If a patient makes a complaint to AHPRA following a data breach, or if a breach comes to the attention of the relevant National Board, the Board has a range of regulatory options available under the Health Practitioner Regulation National Law. These include requiring the practitioner to complete additional training or supervision, imposing conditions on registration, suspending registration, or cancelling registration in serious cases.

The standard applied is not whether a sophisticated attacker succeeded — attackers sometimes succeed regardless of good controls. The standard is whether the practitioner had taken reasonable steps before the incident occurred. A practitioner who can demonstrate documented controls, staff training, and a structured security review is in a materially different position to one who had no security practices in place at all.

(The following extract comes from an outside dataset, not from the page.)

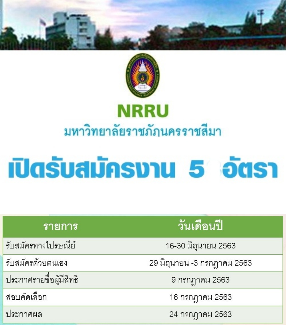 มหาวิทยาลัยราชภัฏนครราชสีมารับสมัครบุคคลเพื่อเลือกสรรเป็นพนักงานราชการ จำนวน 5 อัตรา

What Evidence Do You Need?

If a breach occurs and your controls are questioned — by the OAIC, a National Board, a patient's legal representative, or your insurer — the relevant question is whether you can demonstrate that reasonable steps were in place. Documentation matters:

• Records showing MFA was enabled on practice systems
• Backup logs or evidence of tested restoration
• Evidence that staff received security awareness information
• An incident response plan, even a basic one
• A documented security assessment showing you reviewed your posture and identified gaps

A structured security assessment — one that walks through the specific controls relevant to your practice type, scores your current position, and produces a written report — gives you both the gaps to address and the evidence that you took your obligations seriously before any incident occurred.

The Practical Starting Point

For most GP clinics and allied health practices, the immediate priority is: enable MFA on your practice management software and email, verify that your backups are running and can actually be restored, review who has access to what, and make sure staff have been briefed on phishing. These four actions address the most common attack vectors against healthcare practices and provide a defensible starting point.

From there, a structured assessment specific to your practice type will identify the remaining gaps — including ones that a generic checklist won't surface, such as telehealth platform security, allied health-specific software, and the security of systems used by any contractors or visiting practitioners.